• WHAT THIS TASK INVOLVES:
Transcribe the entries below word for word, beginning at the line with "近日,南京市人民政府发布《关" and stopping after the line with "而报告中的一张图表似乎表明,2019 款 iPhone"; drop all pictures.

• RECORD SET:
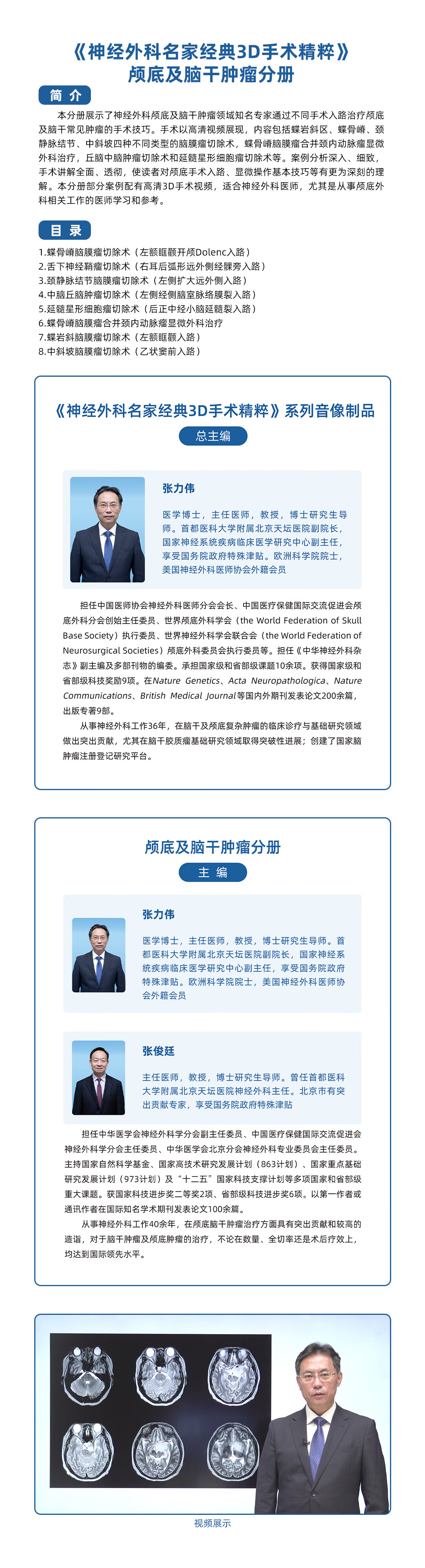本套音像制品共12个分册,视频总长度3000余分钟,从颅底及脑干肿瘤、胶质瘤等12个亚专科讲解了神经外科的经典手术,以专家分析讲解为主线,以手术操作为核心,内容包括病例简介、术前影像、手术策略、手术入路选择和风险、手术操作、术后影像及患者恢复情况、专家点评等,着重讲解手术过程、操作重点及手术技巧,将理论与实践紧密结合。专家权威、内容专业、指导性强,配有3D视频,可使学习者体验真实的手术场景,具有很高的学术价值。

---

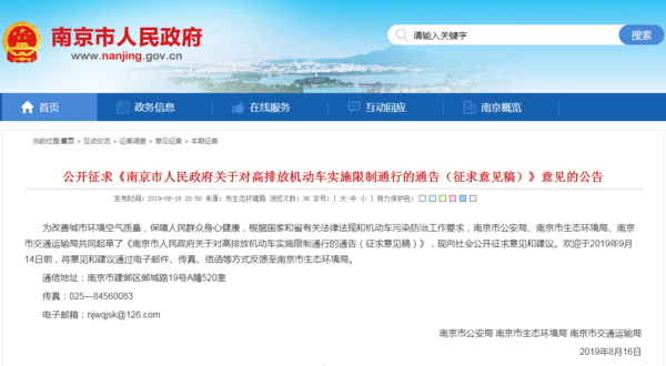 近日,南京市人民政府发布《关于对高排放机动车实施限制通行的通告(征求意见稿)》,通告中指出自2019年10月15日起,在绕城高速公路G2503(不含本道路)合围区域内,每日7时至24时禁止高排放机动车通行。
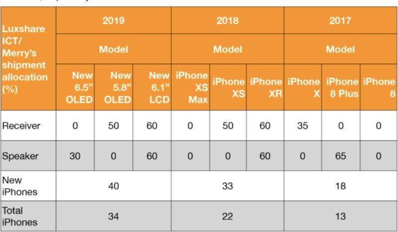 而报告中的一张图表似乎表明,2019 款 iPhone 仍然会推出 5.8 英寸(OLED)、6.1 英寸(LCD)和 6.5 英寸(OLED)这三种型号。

• EXERCISE ANSWER:
 近日,南京市人民政府发布《关于对高排放机动车实施限制通行的通告(征求意见稿)》,通告中指出自2019年10月15日起,在绕城高速公路G2503(不含本道路)合围区域内,每日7时至24时禁止高排放机动车通行。
 而报告中的一张图表似乎表明,2019 款 iPhone 仍然会推出 5.8 英寸(OLED)、6.1 英寸(LCD)和 6.5 英寸(OLED)这三种型号。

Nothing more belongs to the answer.